— Не бывает такого, это Демьяновна, видно, болтала. По пьянке приснилось, — сказал Витька.
— Ага, по пьянке, — возразил Толик. — Люди врать не будут. Ты, Колька, ничему не веришь, грамотным себя считаешь, а в изложении «корову» через два «а» написал.
— Ну и что дальше?
— Откопал, а он живой.
— Врешь? — изумился Витька.
— Век слободы не видать, чтоб мне телушка на ногу наступила! — поклялся Толик. — До сих пор живет. Раскопали, а он животом вниз. Ворочался.

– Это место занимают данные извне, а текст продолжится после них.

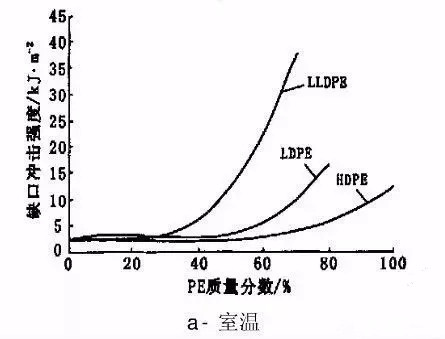 Different types of PE can improve the impact strength of PP at room temperature, but the difference is very obvious.
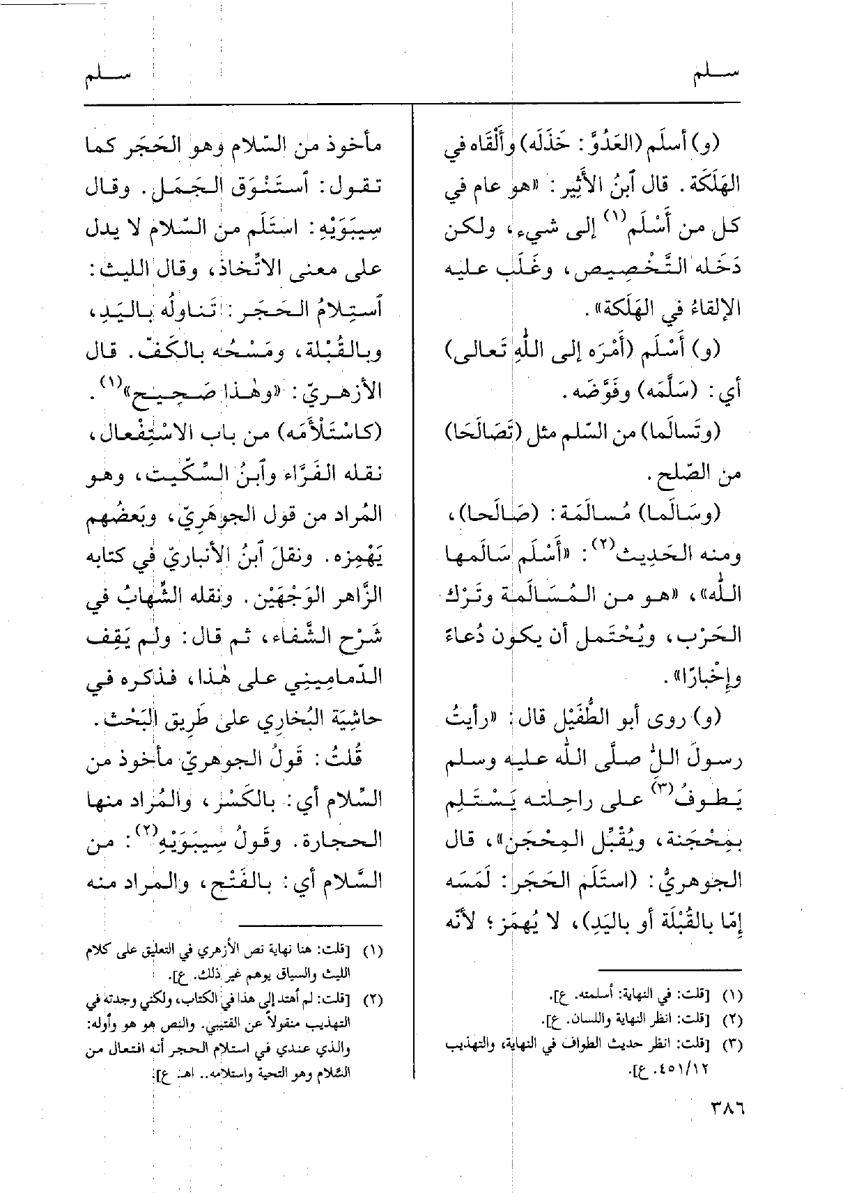 ] يَطوفُ على راحِلته يَسْتَلِم بمِحْجَنة، ويُقْبِّل المِحْجَن "، قَالَ الجوهريُّ: (استَلَم الحَجَر: لَمَسَه إِمّا بالقُبْلَة أَو باليَدِ) ، لَا يُهمَز؛ لأنّه مَأْخُوذ من السّلام وَهُوَ الحَجَر كَمَا تَقول: اْستَنْوَق الجَمَل. وَقَالَ سِيبَوَيْهِ: استَلَم من السّلام لَا يدل على معنى الاتِّخاذ، وَقَالَ اللَّيْث: اْستِلامُ الحَجَر: تَناولُه باليَدِ، وبالقُبْلة، ومَسْحُه بالكَفّ. قَالَ الأزهريّ: " وَهَذَا صَحِيح ". (كاسْتَلأَمَه) من بَاب الاسْتِفْعال، نَقله الفَرَّاء واْبنُ السِّكّيت، وَهُوَ المُراد من قَول الجوهَرِيّ، وبَعضُهم يَهْمِزه. ونقلَ اْبنُ الأنباريّ فِي كِتَابه الزَّاهر الوَجْهَيْن. وَنَقله الشِّهابُ فِي شَرْح الشَّفاء، ثمَّ قَالَ: وَلم يَقِف الدّمامِينيِ على هَذَا، فَذكره فِي حاشِيَة البُخارِي على طَرِيق البَحْث.
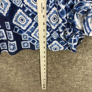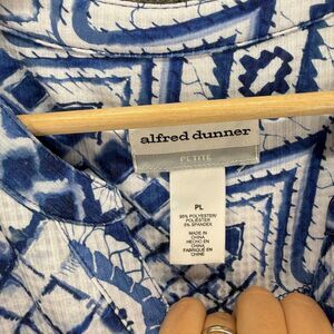 Alfred Dunner Blouse Women PL Petite Blue Geometric V-Neck Long Sleeve Button
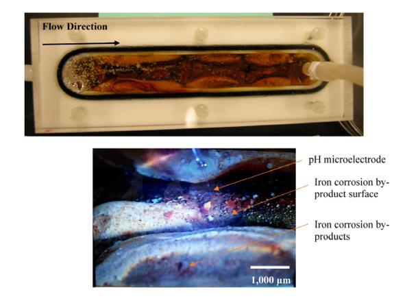圖1、155 d時球墨鑄鐵試片電池的數字圖像(頂部)和155 d時使用pH微電極進行分析時球墨鑄鐵試片的圖像(底部)。
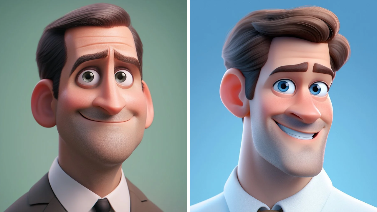 En esta imaginativa fusión, Michael Scott (interpretado por Steve Carell) y Jim Halpert (interpretado por John Krasinski) toman vida con un toque de magia animada. Inspirados en la estética de Pixar, estos personajes adoptan ojos grandes y expresivos, recordando a clásicos como Toy Story. La animación les otorga una nueva dimensión mientras mantienen la esencia cómica que los ha convertido en favoritos del público.
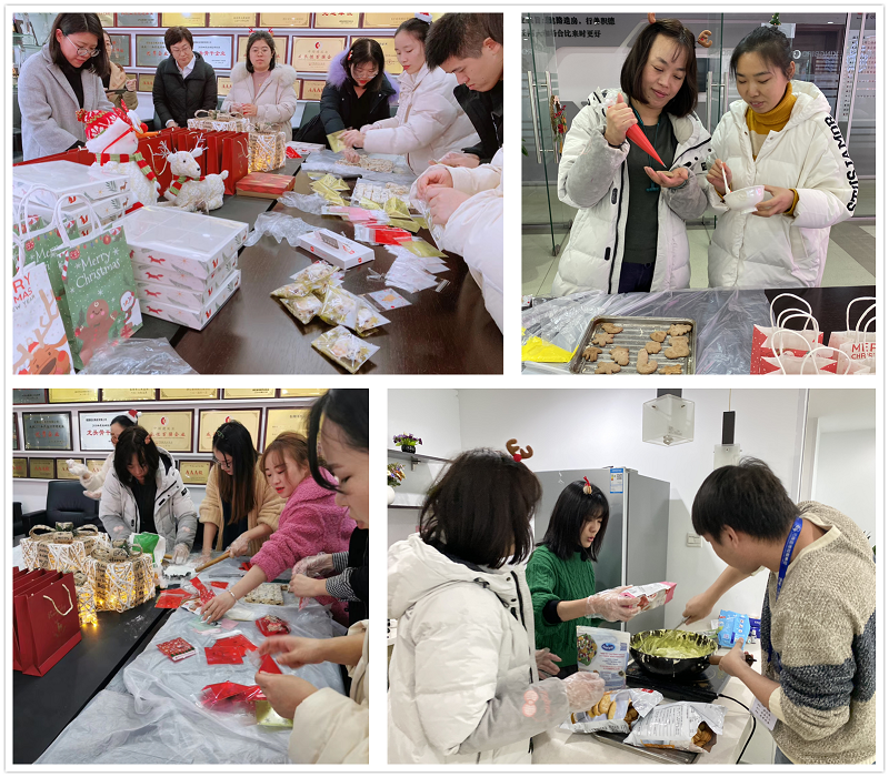天冷的时候更喜欢软绵绵和甜甜的东西——职能部门员工聚在一起,一起制作雪花酥还有圣诞专属的小姜饼。烤箱中形状别致的姜饼一点点膨胀;棉花糖慢慢融化,在搅拌下像云朵一般裹住饼干和坚果……把一下午的成果包成礼盒,让圣诞老人传递给辛勤了一年的同事们,用甜蜜代表祝福。
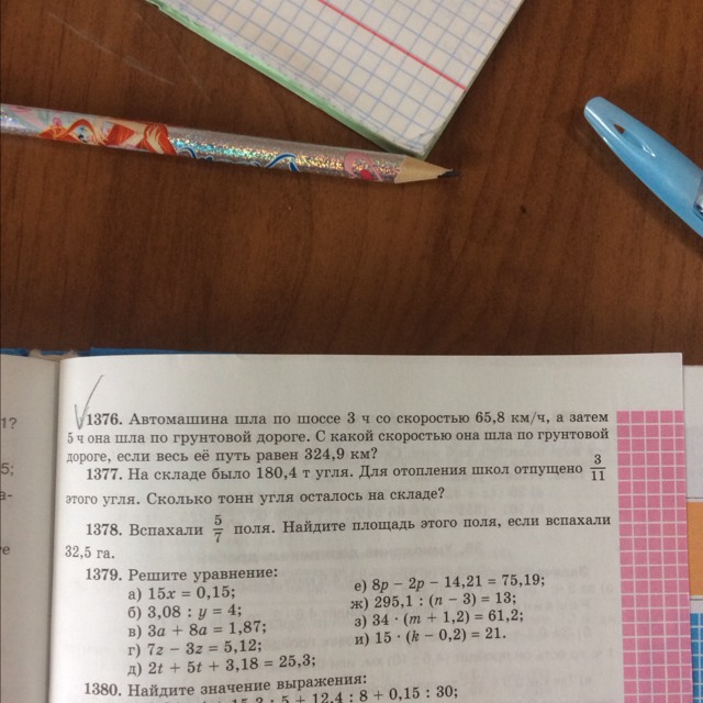 Автомашина шла по шоссе 3 ч со скоростью 65,8 км/ч, а затем 5 ч она шла по грунтовой дороге. С какой скоростью она шла по грунтовой дороге, если весь её путь равен 324,9 км?

— Давайте лучше я расскажу, — сказал Женя. — Толик, это отец нам рассказывал. В Верх-Ирмени слепые по дворам ходили и пели.
Женя улегся поудобнее.
— Жили, значит, Лазарь да Абрам, — начал он, подражая Никите Ивановичу. — Лазарь был простой, а Абрам — нет. Поделили имение, Лазарь раздарил свое, Абрам нет. Тогда идет Лазарь побираться. Шел, шел по селу, заходит к брату своему, а у того гости приехали, как к нам вот колхозники. Пьют, едят. Лазарь заходит и говорит: «Братец мой, братец, богатый Абрам, подари мне, братец, три милостыни: первая милостыня — напой-накорми, а другая милостыня — обуй-напряни, а третья милостыня — с двора проводи». А он и отвечает: «Каким ты мне братцем обзываешься, у меня-то братцы за столом сидят и сладко пьют-едят, прохлаждаются. Слуги, слуги мои, слуги, проводите нищего, поманите псов, со двора проводите, а в поле потравите». Догнали псы Лазаря на крутой горе, стали Лазаря рвать-шматовать, сделали Лазарю тридцать три раны, пролежал Лазарь тридцать три года, тридцать три года лилась кровища, сверху его, Лазаря, мухи скусали, а споднизу Лазаря черви сточили. А псы к двору подбежали, под столом крошечки посбирали, они Лазаря воспитывали, раны ему зализывали. Как стал Лазарь бога просить: «Господи, господи, спас милостивый, пришли ты мне, господи, хоть кого-нибудь». Услыхал сам господь это его слово, прислал трех ангелов. Душу его вынули сквозь левое ребро и понесли в рай вечный, в рай бесконечный. Вздумалось Абраму на торг поехать.
— Скупому?
— Скупому. Не доехал до торгу, в поле обночился и говорит: «Ну, дожжика не боюся — получше напрянуся, всего много, а смерти не боюся — казной откуплюся, а зверя не боюся — псами оттравлюся». Случилось Абраму ни то ни это, ни зима ни лето. Налетели бури и сильные дожди, как подняли Абрама под самое небо и ударили о сырую землю. И не знал Абрам ни Бога, ни людей, а стал господа просить: «Господи, господи, спаси милостивый, пришли ж ты мне, господи, кого-нибудь по душу мою». Заслыхал сам господь его слова и прислал трех дьяволов по душу его, с железными крючьями. Брали его душу с тела сквозь правое ребро, несли они его душу в ад вечный, в ад бесконечный. Вот тебе Лазарь лежит выше, а Абрам ниже, и он просит: «Братец мой, братец, светлый Лазарок, скинь мне с персток воды, помочить усы». А он и говорит: «Братец мой, братец, богатый Абрам, была б моя воля, а то воля Божия…»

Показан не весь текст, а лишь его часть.